Exercise. The records that follow are to be repeated exactly, with no pictures carried over.

Supplied information.
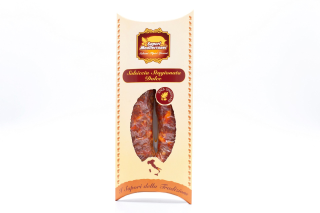The Queen of table is made with selected lean pork meat, coarse-grained cut as requested by the tradition. The meat is flavoured with salt, ground sweet pepper and wild fennel seeds in a quantity wisely measured out. The fragrance is characterised by spicy perfumes; the taste of salsiccia is soft and well balanced.
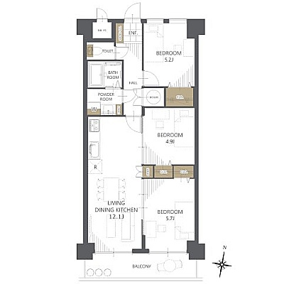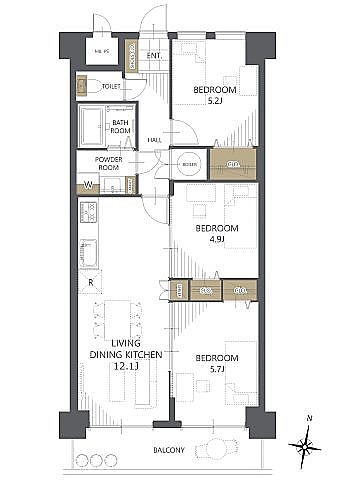 3LDK(64.4m²)└ LDK12.1帖 洋室5.2帖 洋室4.9帖 洋室5.7帖
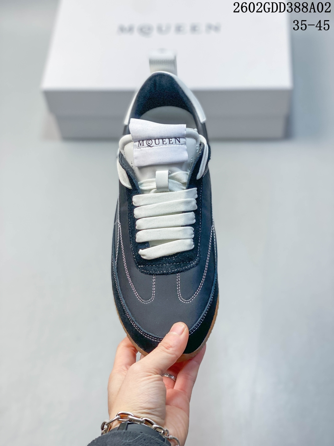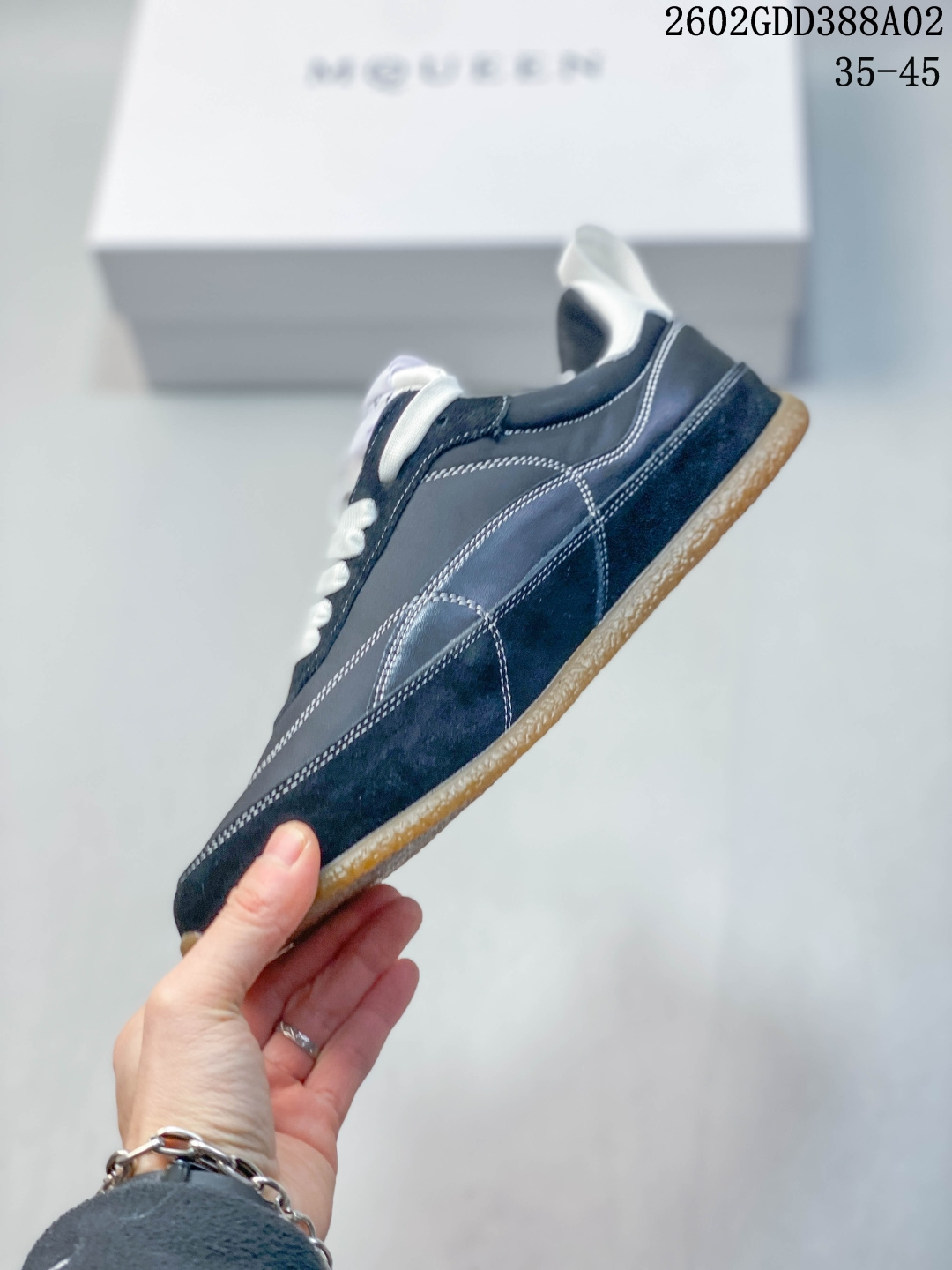 MCQUEEN麦昆26早春新品情侣款EC1白色复古风格美学运动鞋2026全新鞋款EC1运动鞋 德训鞋EC1系列板鞋 EC1运动鞋 采用流畅的圆形鞋头 采用白色尼龙和绒面材
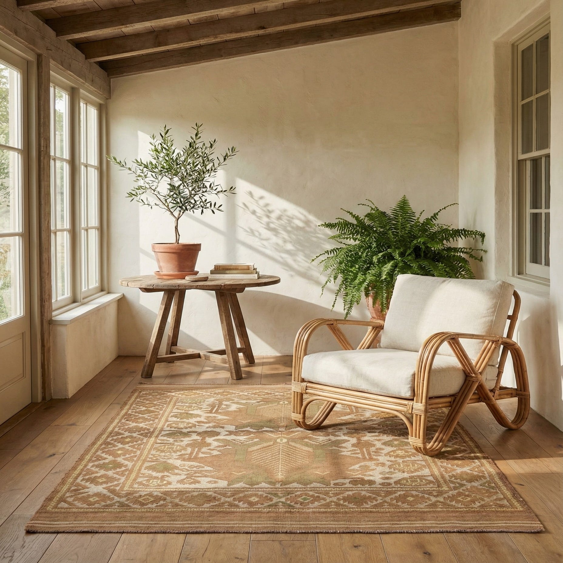 A 4x6 rectangular Sumak rug with a traditional botanical pattern in shades of brown, tan, and cream.
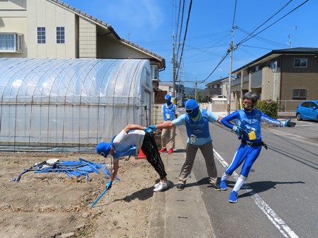 ゴミブルーたちも夏仕様、自分の命は自分で守ります。

Answer to this problem.
The Queen of table is made with selected lean pork meat, coarse-grained cut as requested by the tradition. The meat is flavoured with salt, ground sweet pepper and wild fennel seeds in a quantity wisely measured out. The fragrance is characterised by spicy perfumes; the taste of salsiccia is soft and well balanced.
 3LDK(64.4m²)└ LDK12.1帖 洋室5.2帖 洋室4.9帖 洋室5.7帖
 MCQUEEN麦昆26早春新品情侣款EC1白色复古风格美学运动鞋2026全新鞋款EC1运动鞋 德训鞋EC1系列板鞋 EC1运动鞋 采用流畅的圆形鞋头 采用白色尼龙和绒面材
 A 4x6 rectangular Sumak rug with a traditional botanical pattern in shades of brown, tan, and cream.
 ゴミブルーたちも夏仕様、自分の命は自分で守ります。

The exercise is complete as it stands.